James P. Lusardi ’55, Francis A. March Professor Emeritus of English, died Sunday, Nov. 10, at Easton Hospital. He was 71.
A memorial service will be held at 2 p.m. Sunday, November 17, in Colton Chapel. Interment will be in Easton Cemetary. Ashton Funeral Home, Easton, is in charge of arrangements.
He is survived by his wife, Marcia Staats Lusardi, to whom he was married 49 years in August; daughters C. Lynn Williams of Williamsport, Pa., and Jill M. Hahn of East Stroudsburg, Pa.; four grandchildren, and a niece.
Lusardi inspired Lafayette students for more than 30 years with his teaching of Shakespeare, Milton, Renaissance literature, and theater. He also taught the broad spectrum of English and American literature from Beowulf to the present.
He joined the Lafayette faculty as associate professor in 1966. He received tenure as associate professor in 1969 and was promoted to full professor in 1986. In 1990, he was named Francis A. March Professor. Upon his retirement in 1998 he was named professor emeritus.
Lusardi’s special interest was in plays in performance. During the last two decades he saw dozens of plays a year in the United States, Canada, and the United Kingdom, about half of them written by Shakespeare or his contemporaries. Lusardi also studied theater history, particularly the design and structure of early English theaters. Because of this expertise, he was chosen to be an academic adviser for the reconstruction of Shakespeare’s Globe Theatre in London, which opened in June 1997.
He published many articles on Shakespeare and many reviews of plays in production. He also participated in numerous seminars on Shakespearean topics and received grants from American Council of Learned Societies, American Philosophical Society, Wesleyan University, and Lafayette. He was coauthor of Reading Shakespeare in Performance: King Lear and coeditor of The Yale Edition of the Complete Works of St. Thomas More.
Since 1984, he was coeditor, with June Schlueter, Lafayette’s provost and Dana Professor of English, of Shakespeare Bulletin, an international journal of performance criticism and scholarship published at Lafayette and read around the world. From 1982-84 Lusardi and Schlueter were associate editors of the journal.
Lusardi was a classmate of Arthur J. Rothkopf ’55, president of Lafayette.
“We were both English majors and we were very close as students,” said Rothkopf. “When I returned to Lafayette in my current job, it was wonderful to have someone who contributed so much to Lafayette. He was an extraordinary scholar, teacher, and leader of the faculty. We really will miss him very much for his oratorical skills, common sense, and leadership.”
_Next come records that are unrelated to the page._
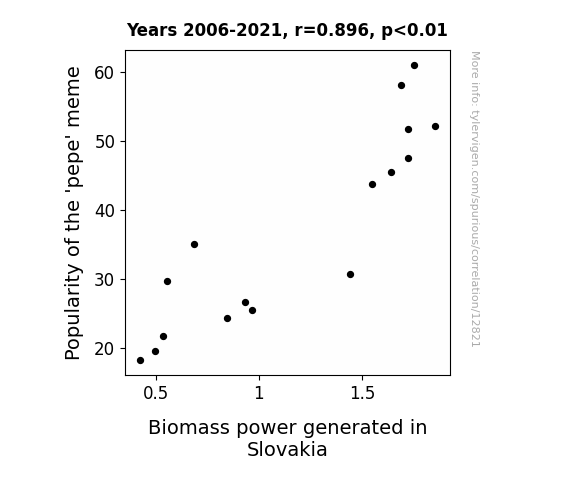 This means 80.3% of the change in the one variable (i.e., Biomass power generated in Slovakia) is predictable based on the change in the other (i.e., Popularity of the 'pepe' meme) over the 16 years from 2006 through 2021.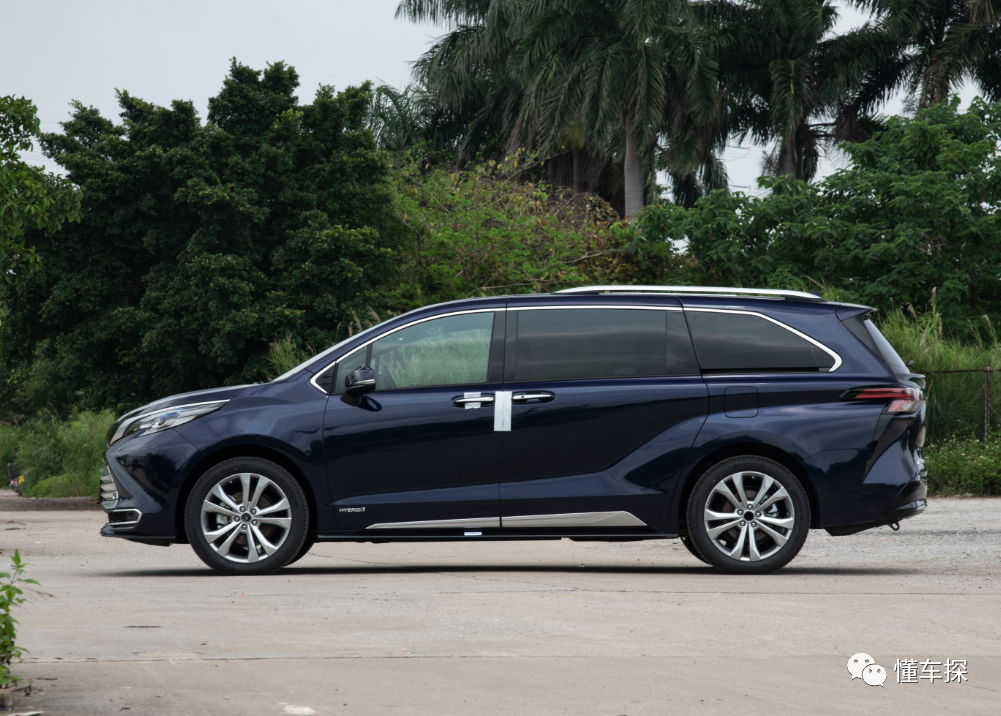 广汽丰田赛那的侧面同样和大多数的MPV不同,不仅没有采用MPV中比较普遍的悬浮式车顶,而且车身的腰线、侧裙线有明显的起伏,视觉效果和一般MPV截然不同,反倒更接近SUV。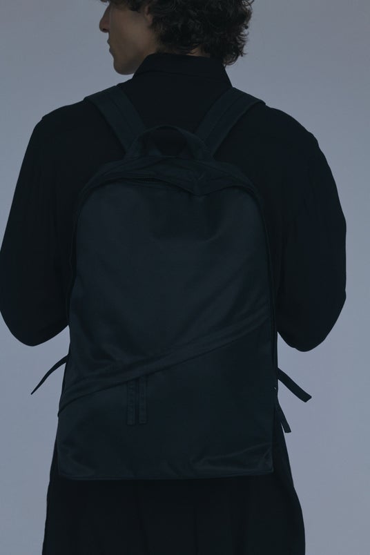 表に斜めのファスナーで収納ポケットの付くリュック。機能的で洗練されたフォルムを表現。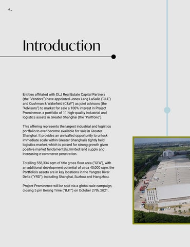 Table Contentsof 4 Introduction 6 The Opportunity 10 Key Investment Highlights 12 APAC Logistics Investment 14 Shanghai Leads China’s Transaction 16 YRD is the Largest & Most Significant 18 Recent Transactions in YRD 20 Strong Tenant Demand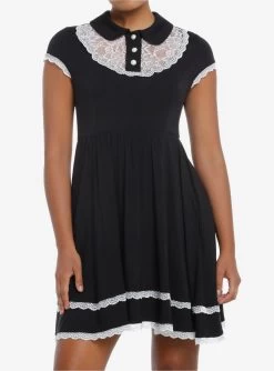Sweet Society Black & White Lace Bib Babydoll Dress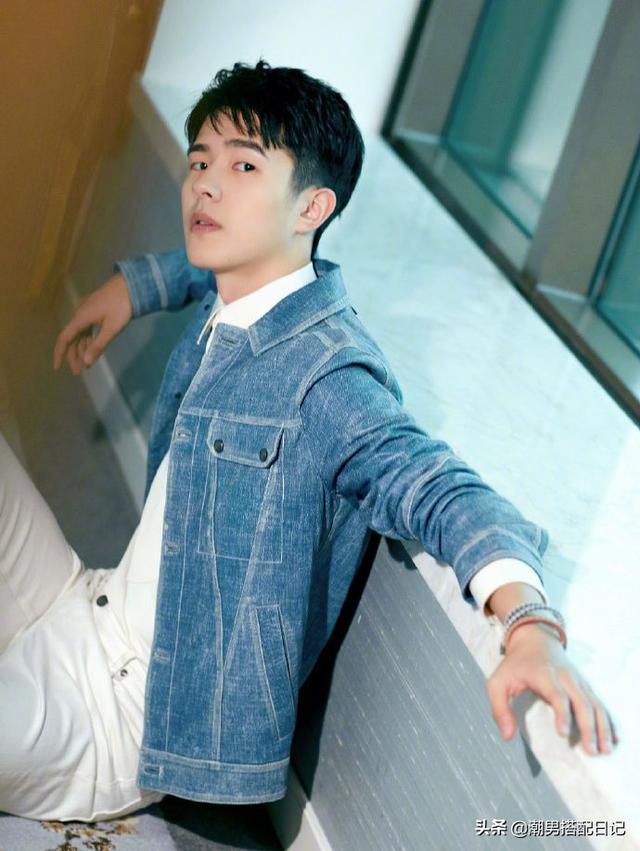刘昊然身穿牛仔外套搭配白色休闲裤,太帅气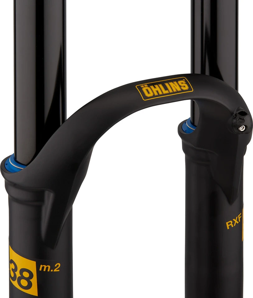 Die ÖHLINS RXF38 m.2 Air Federgabel eignet sich für 29″ -Trail- und Enduro-Bikes mit Boost-Einbaubreite und ist mit TTX-18-Dämpfung und einer Luftfederung mit drei Luftkammern ausgestattet. Sie bietet die unkomplizierte Einstellung von Druck- und Zugstufe und einen Klettermodus für lange Anstiege. Diese Variante der RXF38 hat um den Schaft herum eine eher schlanke Gabelbrücke. Hat Dein Rahmen ein dickeres Unter- und Steuerrohr, könnte sich die RXF38 m.2 Air L mit breiterer Gabelbrücke optisch noch besser einfügen.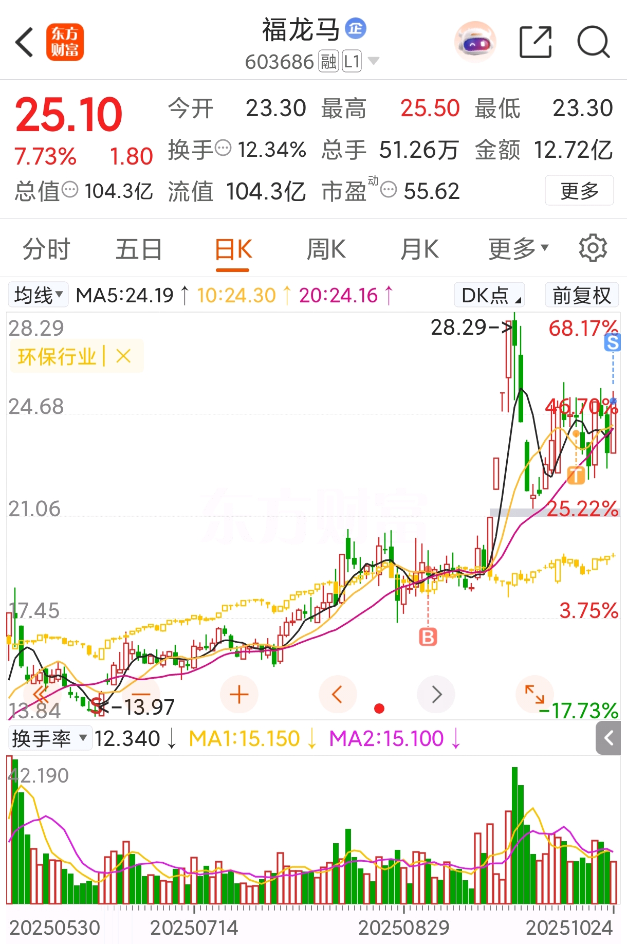 $福龙马(SH603686)$ 全仓,总是过山车,太刺激了,不玩了,再见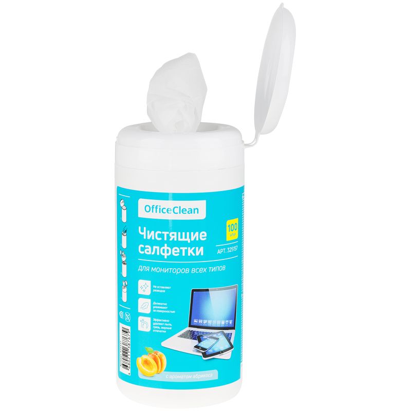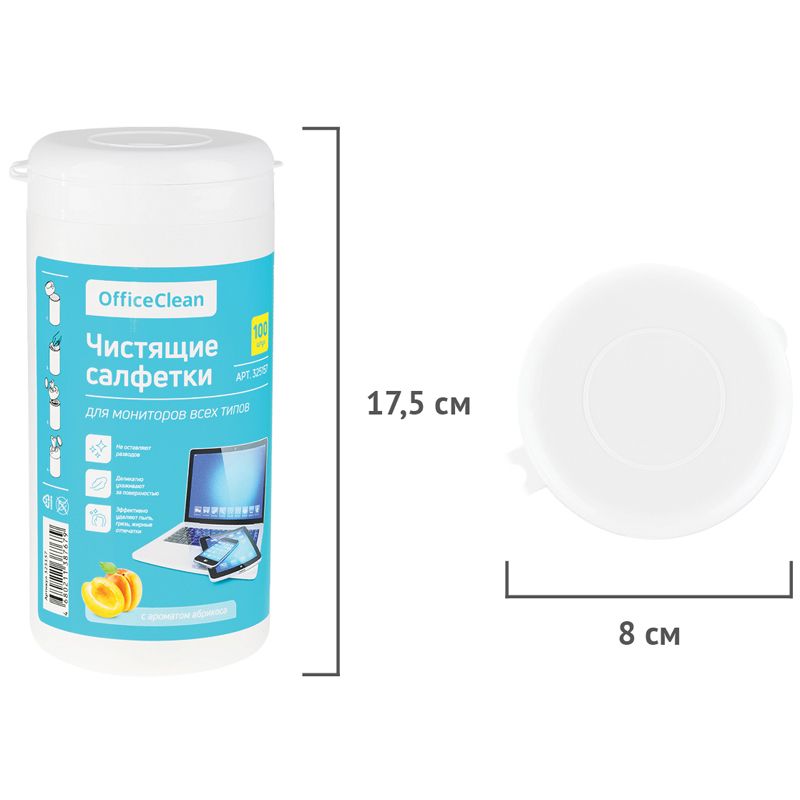 Салфетки чистящие влажные OfficeClean, для мониторов всех типов, в тубе, с ароматом абрикоса, 100шт.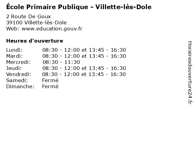 | Lundi | 08:30-12:00 et 13:45-16:30 |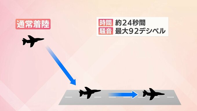 まず、「通常着陸」では、徐々に高度を下げて着陸します。着陸までの時間はおよそ24秒間、騒音は最大92デシベルとなっています。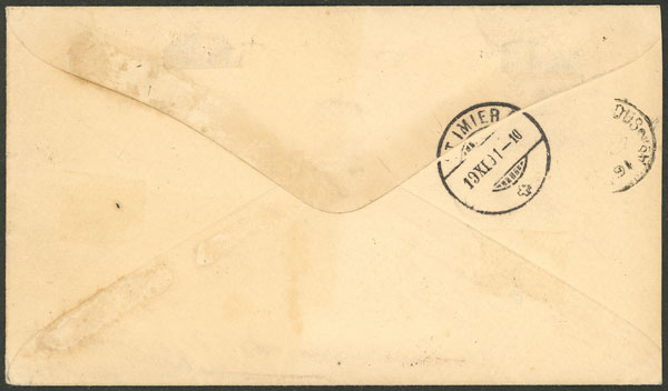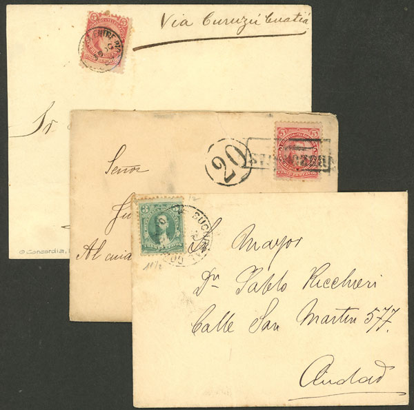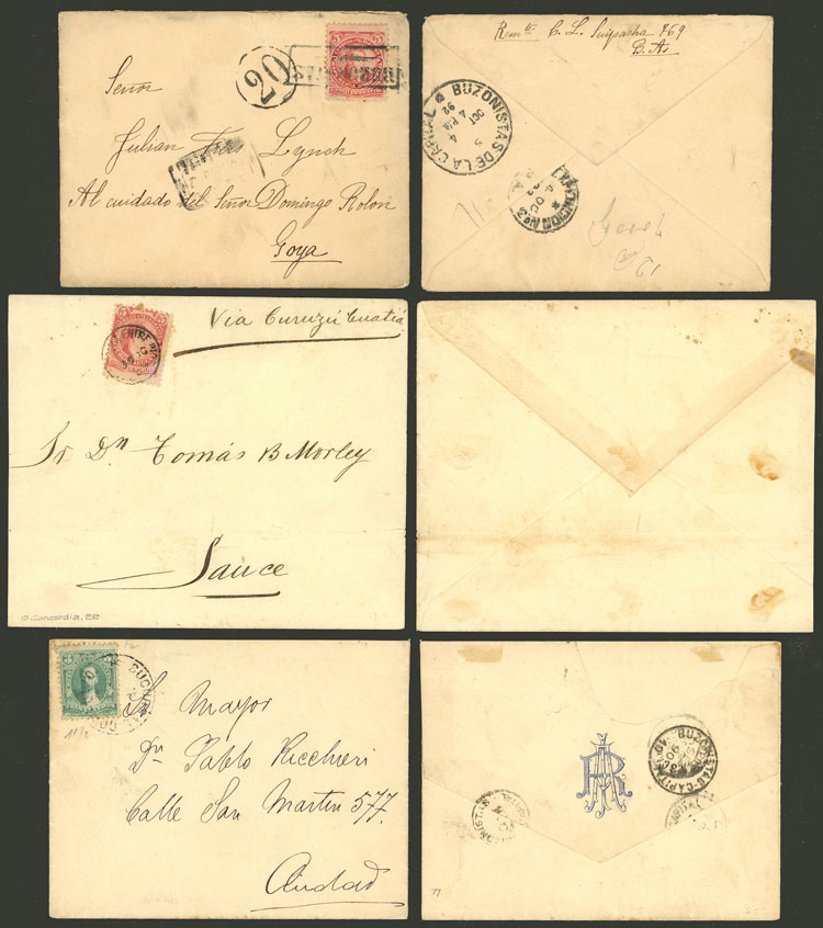 stamps of 12c. Alberdi and 1P. San Martín (top one) fell off in the past and similar examples have been affixed, only to show the original franking. Very few covers franked by the 5P. Lamadrid are known, great rarity!! (Image)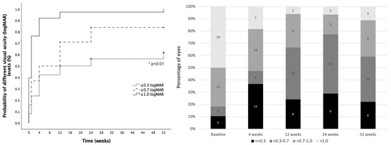 Visual acuity outcomes. Left: Cumulative probability of achieving different visual acuity (VA) levels from baseline (dotted line: VA ≤ 0.3 logMAR; striped line: VA ≤ 0.7 logMAR and solid line: VA ≤ 1.0 logMAR). Right: Distribution of eyes in each VA group at different timepoints during follow-up (black: VA ≤ 0.3 logMAR; dark grey: VA > 0.3–0.7 logMAR; medium grey: VA > 0.7–1.0 LogMAR, light grey: VA > 1.0 LogMAR). *: Statistical significance.

The novelist, poet, and biographer Jay Parini is one of many Lafayette alumni who considered Lusardi a cherished mentor. A 1970 graduate who is now a professor of English at Middlebury College, Parini, wrote in The Chronicle of Higher Education: “Jim could not stop teaching, and I felt immensely privileged to be in his company. It was apparent he cared passionately about what he was doing. Poetry and drama played a huge role in his own emotional and intellectual life. He taught me how to use literature; that is, how to let one’s heart be instructed by a text.”
Lusardi was coordinator of a faculty development summer seminar in 1980 that resulted in a new course, “Darwinism: An Interdisciplinary Inquiry.” In 1982 he served as chairman of the Lafayette task force for implementing a new bachelor of arts curriculum. He participated in two seminars sponsored by the National Endowment for the Humanities: in 1985 as director of the Commonwealth Partnership Literature Institute for Secondary School Teachers and in 1988 as codirector of Teaching Shakespeare in Performance for Secondary School Teachers.
Lusardi received numerous academic honors including Associate Fellow, Columbia University. In 1968, he received Lafayette’s Thomas Roy and Lura Forrest Jones Faculty Lecture Award in recognition of superior teaching and scholarship. A member of Phi Beta Kappa, he was a national senator of the society and served two terms as president of the Middle-Atlantic District of Phi Beta Kappa, from 1982-88.
Born Sept. 3, 1931, Lusardi was a native of Madison, N.J., and a graduate of Madison High School. He served in the U.S. Air Force from February 1951 until October 1952. He received a bachelor of arts degree from Lafayette in 1955 and master’s and doctoral degrees in English language and literature from Yale University in 1957 and 1963, respectively. Before joining the Lafayette faculty he was instructor of English at Williams College from 1958-1961, assistant in instruction at Yale from 1961-62, and assistant professor of English at Wesleyan University from 1962-66.
Lusardi was a member of the Modern Language Association, College English Association, Shakespeare Association of America, International Shakespeare Association, and Samuel Beckett Society. He was also on the executive board of Columbia University Shakespeare Seminar.
Contributions may be sent to the James P. ’55 and Marcia S. Lusardi Scholarship Fund at Lafayette or to a cancer organization of choice.